Tuesday, March 15, 2011

San Onofre or Tempting Fate



We'll all be planning that route

We're gonna take real soon
We're waxing down our surfboards

We can't wait for June
We'll all be gone for the summer
We're on surfari to stay
Tell the teacher we're surfin'
Surfin' U. S. A.

Haggerties and Swamies
Pacific Palisades
San Onofree and Sunset
Redondo Beach L. A.
All over La Jolla
At Waimia Bay


Everybody's gone surfin'
Surfin' U.S. A.

This is San Onofre State Beach, the one mentioned in the famous Beach Boys song.  It is a long stretch of sand on the southern border of Orange County where generations of young Californians learned to surf. Even my own kids were bundled into the car and driven there for surf days when they were young.

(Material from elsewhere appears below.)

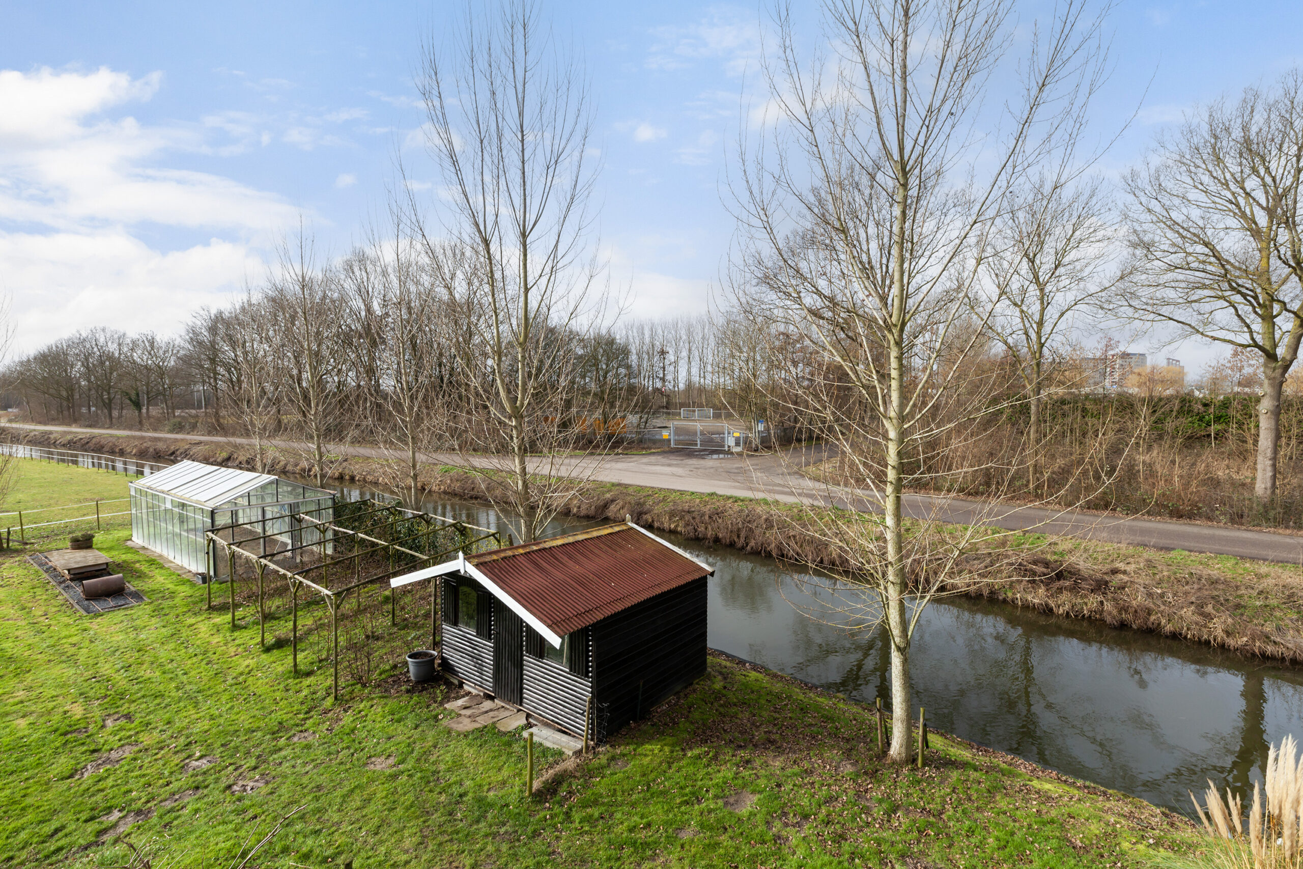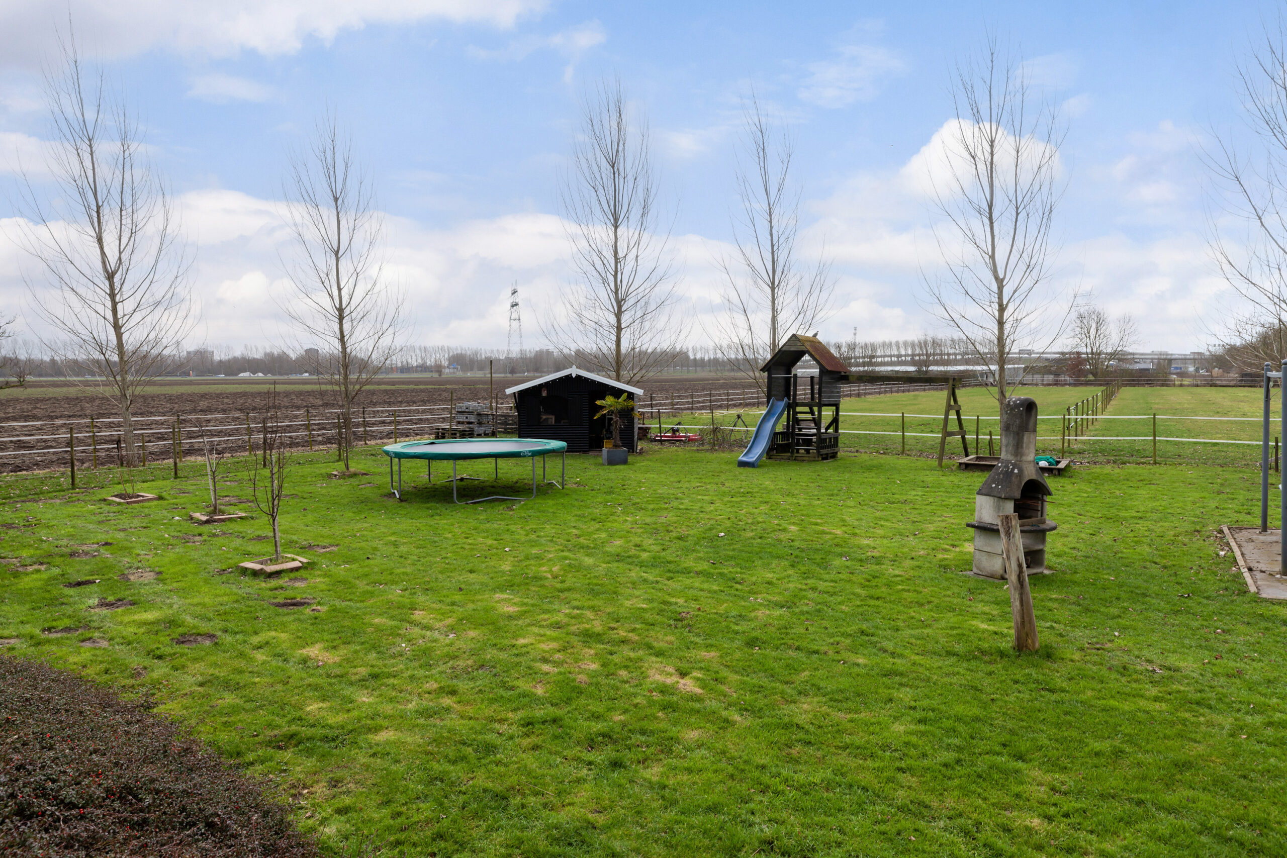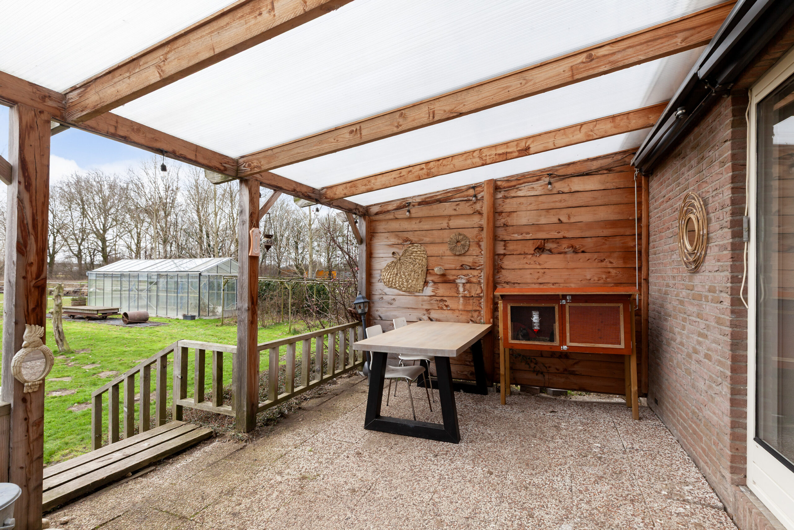 Dan het royale gazon! Dat is toch genieten! Er zijn een tweetal houten bergingen en er staat een leuk prieeltje. Plaats enkele speeltoestellen voor kinderen en u ze zullen met rode wangen van het spelen aan het einde van de dag binnenkomen. Maar luister u zelf eens? Wat een stilte en rust ervaart u hier. De grote tuinkas van circa 9.00 x 3.50m is ter overname en wat dacht u ervan om eigen groenten te kweken?

San Onofre is also the home of a nuclear power generating station built in the dazed and confused era of Orange County during the late 1970s. By dazed and confused, I mean that a there was a lot of drinking, drug taking and dealing during the construction of the power plant. Don't ask me how I know that, I just do.
I'm not saying that drugs were responsible for the fact that a 420 ton nuclear reactor vessel was installed backwards or for the fact that unit 1 had to be dismantled. But what I am saying is that I've never trusted the structural soundness of the power station.

Strong, spherical containment buildings around the reactors are designed to prevent unexpected releases of radiation. The closest tectonic fault line is the Cristianitos fault, which is considered inactive. Southern California Edison states the station was "built to withstand a 7.0 magnitude earthquake directly under the plant".

Well that's nice to know.
But what if we had an 8.9 magnitude earthquake like Japan.
Would we be having explosions and radiation leaks?

Don't get me wrong, I'm not against nuclear power.
But I've never understood why any area that is seismically unstable would choose the nuclear option.